• **Exercise directions**: Go through the records and set each one down exactly, skipping any picture.

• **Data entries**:
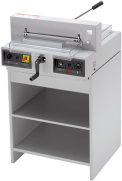 - Optischer Schnittandeuter mit LED ´s - Schneidemesser aus Solinger Qualitätsmesserstahl - Vollstahl-Messerträger - Gehärtete, einstellbare Messerführung - Stabile Ganzmetall-Konstruktion - Papieraufstoßwinkel - Lieferbar als Tischgerät; Untergestell oder Unterschrank mit einem Fachboden als Option gegen Aufpreis lieferbar.
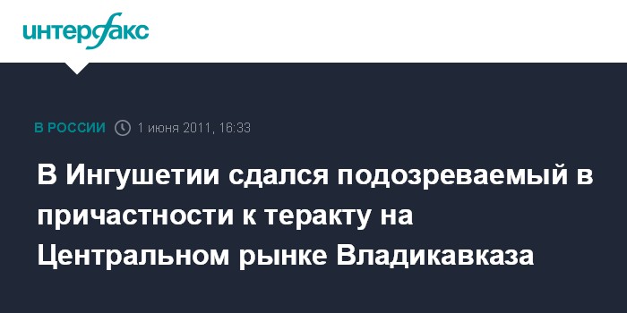 Москва. 1 июня. INTERFAX.RU - В органы власти Ингушетии явился предполагаемый участник бандгруппы, совершившей 9 сентября 2010 года теракт на Центральном рынке Владикавказа, сообщает пресс-служба УФСБ по республике.
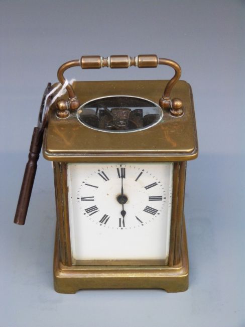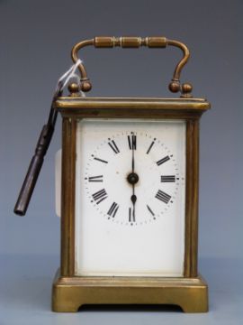 A French late 19thC /early 20thC carriage clock in brass corniche style case. The white enamel Roman dial with blued steel spade hands
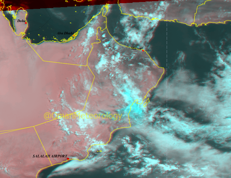 توضح آخر الصور الجوية تشكل السحب على جبال الحجر مع فرص لهطول أمطار متفرقة قد تكون رعدية احيانا بالاضافة الى تدفق السحب على معظم محافظات السلطنة وتكاثف السحب المنخفضة على أجزاء من سواحل وجبال محافظة ظفار.
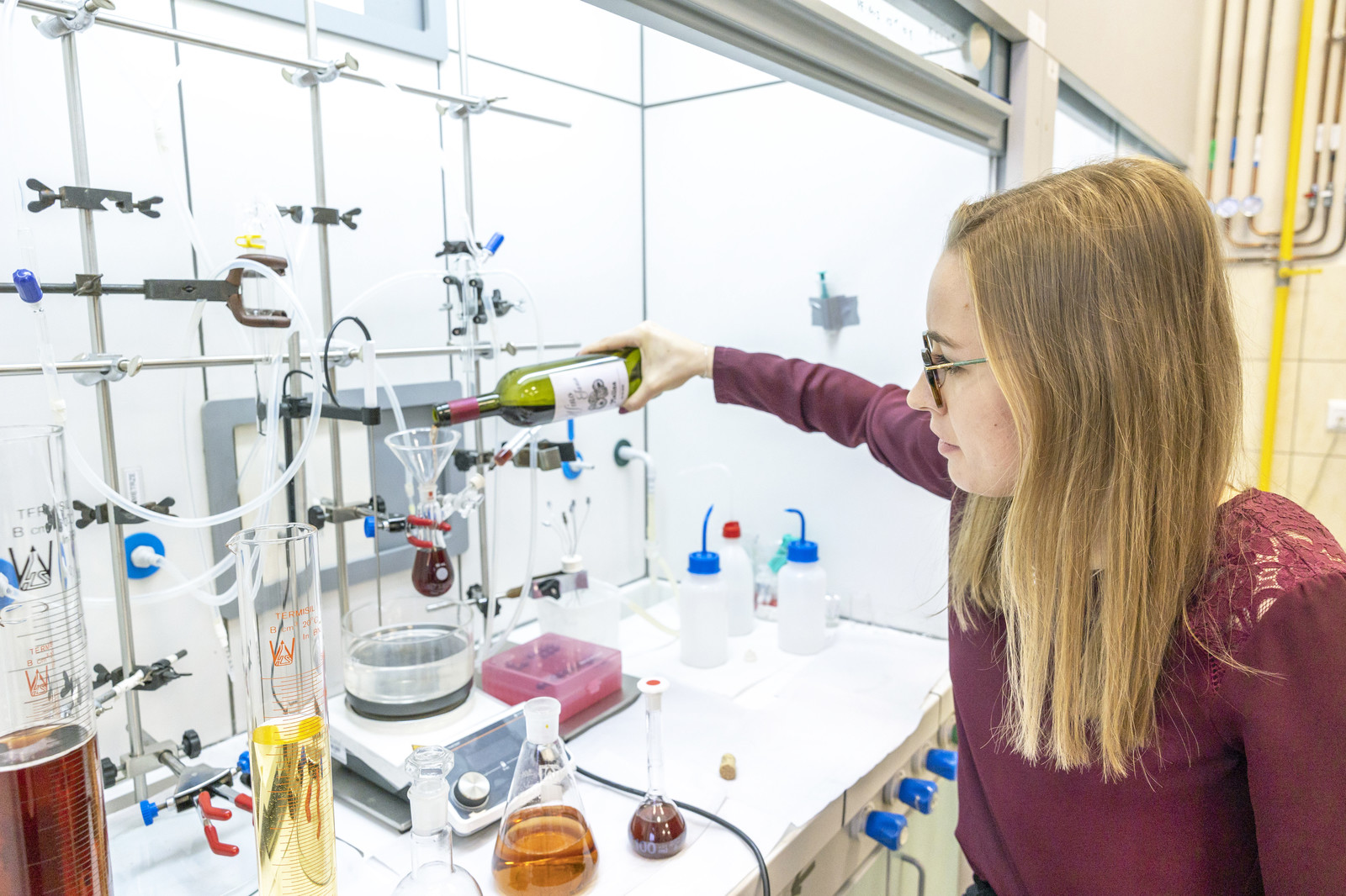 "The atom transfer radical polymerization (ATRP) technique we use in our research was invented and described in 1994 by Prof. Krzysztof Matyjaszewski, and has been developing rapidly for almost thirty years. In the laboratory of Prof. P. Chmielarz's research group, we are working on improving this method, developing new variants and using it to synthesize polymers with well-defined properties and high application potential, including in implantology or the coatings industry. Faced with the challenge of selecting a suitable solvent for the synthesis of hydrophobic compounds, inspired by the principles of green chemistry, we decided to carry out polymerization using an unconventional solvent such as wine," - says M. Flejszar, MSc.

• **Task answer**:
 - Optischer Schnittandeuter mit LED ´s - Schneidemesser aus Solinger Qualitätsmesserstahl - Vollstahl-Messerträger - Gehärtete, einstellbare Messerführung - Stabile Ganzmetall-Konstruktion - Papieraufstoßwinkel - Lieferbar als Tischgerät; Untergestell oder Unterschrank mit einem Fachboden als Option gegen Aufpreis lieferbar.
 Москва. 1 июня. INTERFAX.RU - В органы власти Ингушетии явился предполагаемый участник бандгруппы, совершившей 9 сентября 2010 года теракт на Центральном рынке Владикавказа, сообщает пресс-служба УФСБ по республике.
 A French late 19thC /early 20thC carriage clock in brass corniche style case. The white enamel Roman dial with blued steel spade hands
 توضح آخر الصور الجوية تشكل السحب على جبال الحجر مع فرص لهطول أمطار متفرقة قد تكون رعدية احيانا بالاضافة الى تدفق السحب على معظم محافظات السلطنة وتكاثف السحب المنخفضة على أجزاء من سواحل وجبال محافظة ظفار.
 "The atom transfer radical polymerization (ATRP) technique we use in our research was invented and described in 1994 by Prof. Krzysztof Matyjaszewski, and has been developing rapidly for almost thirty years. In the laboratory of Prof. P. Chmielarz's research group, we are working on improving this method, developing new variants and using it to synthesize polymers with well-defined properties and high application potential, including in implantology or the coatings industry. Faced with the challenge of selecting a suitable solvent for the synthesis of hydrophobic compounds, inspired by the principles of green chemistry, we decided to carry out polymerization using an unconventional solvent such as wine," - says M. Flejszar, MSc.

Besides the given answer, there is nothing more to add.